## Your goal
Write again exactly the lines in the listing below, starting at the line with "Relógio Quadrado Bruxa" and ending at the line with "- The default", both included. Pictures are not copied.

## Stored data
-----

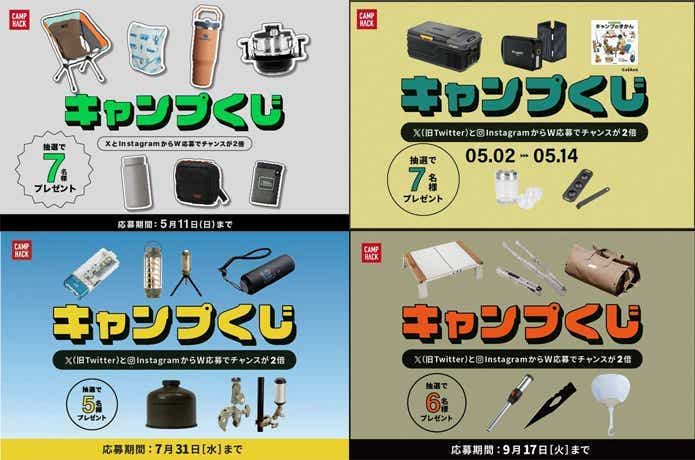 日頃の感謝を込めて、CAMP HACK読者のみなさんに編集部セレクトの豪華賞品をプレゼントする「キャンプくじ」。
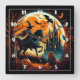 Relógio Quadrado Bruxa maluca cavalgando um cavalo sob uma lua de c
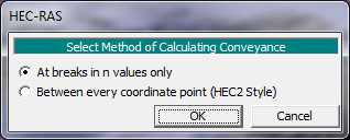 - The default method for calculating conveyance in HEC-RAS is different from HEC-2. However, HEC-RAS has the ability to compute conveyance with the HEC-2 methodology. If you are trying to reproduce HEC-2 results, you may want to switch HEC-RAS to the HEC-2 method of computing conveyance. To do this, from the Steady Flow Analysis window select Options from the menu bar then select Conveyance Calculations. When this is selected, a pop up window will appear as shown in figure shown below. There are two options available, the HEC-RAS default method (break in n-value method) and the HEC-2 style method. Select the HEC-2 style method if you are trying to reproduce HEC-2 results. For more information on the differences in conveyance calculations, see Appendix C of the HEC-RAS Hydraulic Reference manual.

-----

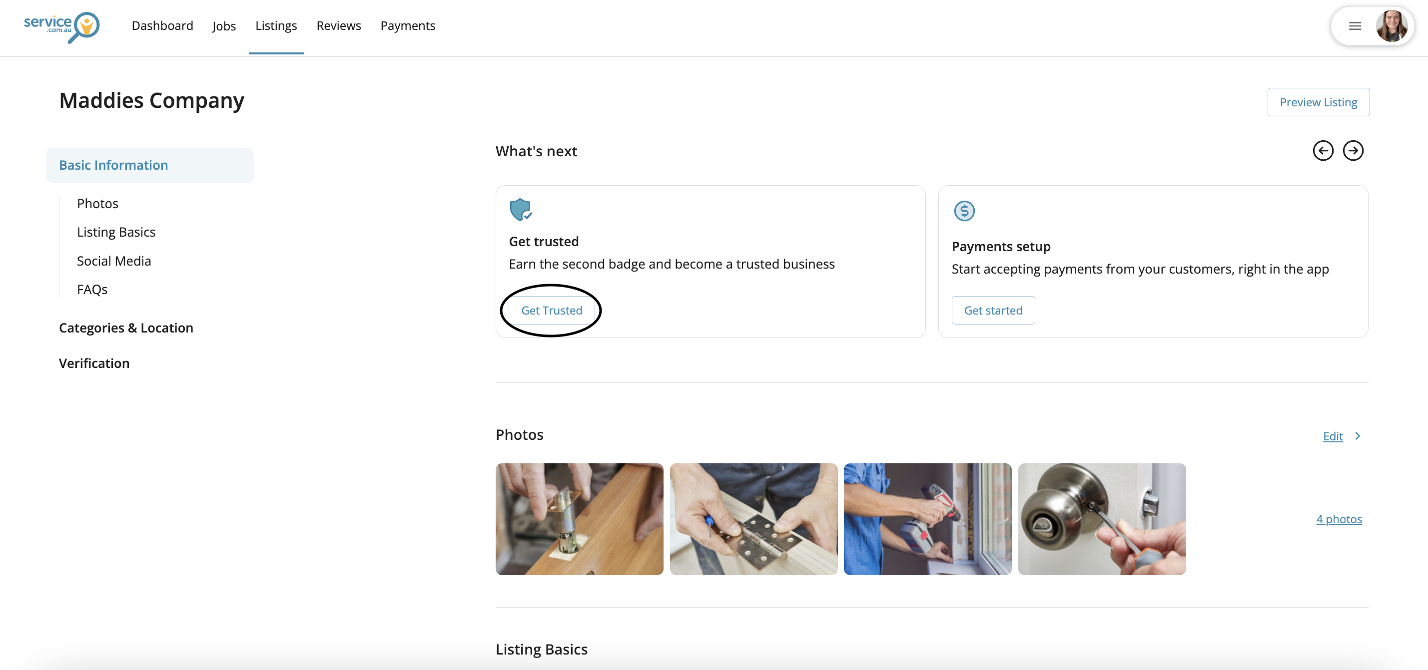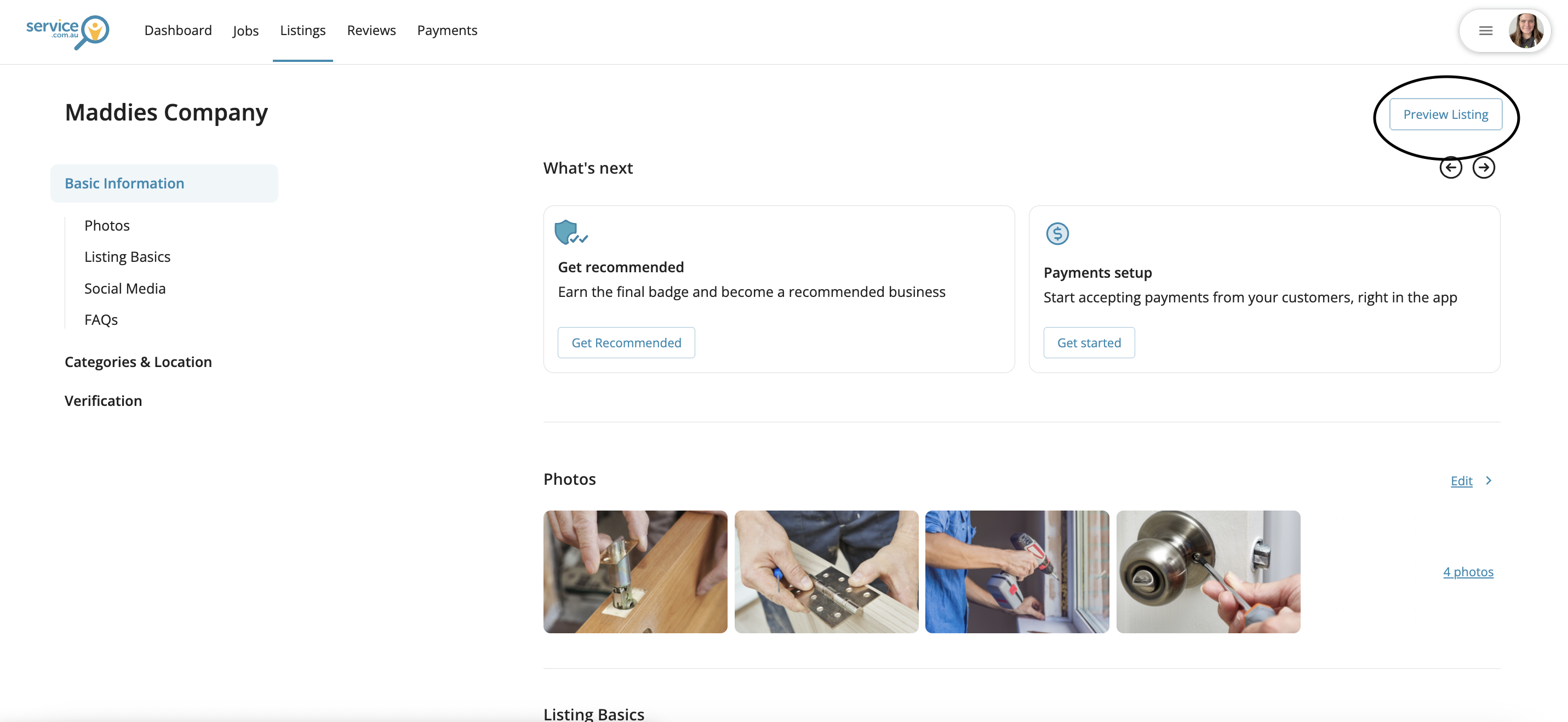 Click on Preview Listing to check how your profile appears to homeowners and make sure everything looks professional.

-----

## Solution for this exercise
 Relógio Quadrado Bruxa maluca cavalgando um cavalo sob uma lua de c
 - The default method for calculating conveyance in HEC-RAS is different from HEC-2. However, HEC-RAS has the ability to compute conveyance with the HEC-2 methodology. If you are trying to reproduce HEC-2 results, you may want to switch HEC-RAS to the HEC-2 method of computing conveyance. To do this, from the Steady Flow Analysis window select Options from the menu bar then select Conveyance Calculations. When this is selected, a pop up window will appear as shown in figure shown below. There are two options available, the HEC-RAS default method (break in n-value method) and the HEC-2 style method. Select the HEC-2 style method if you are trying to reproduce HEC-2 results. For more information on the differences in conveyance calculations, see Appendix C of the HEC-RAS Hydraulic Reference manual.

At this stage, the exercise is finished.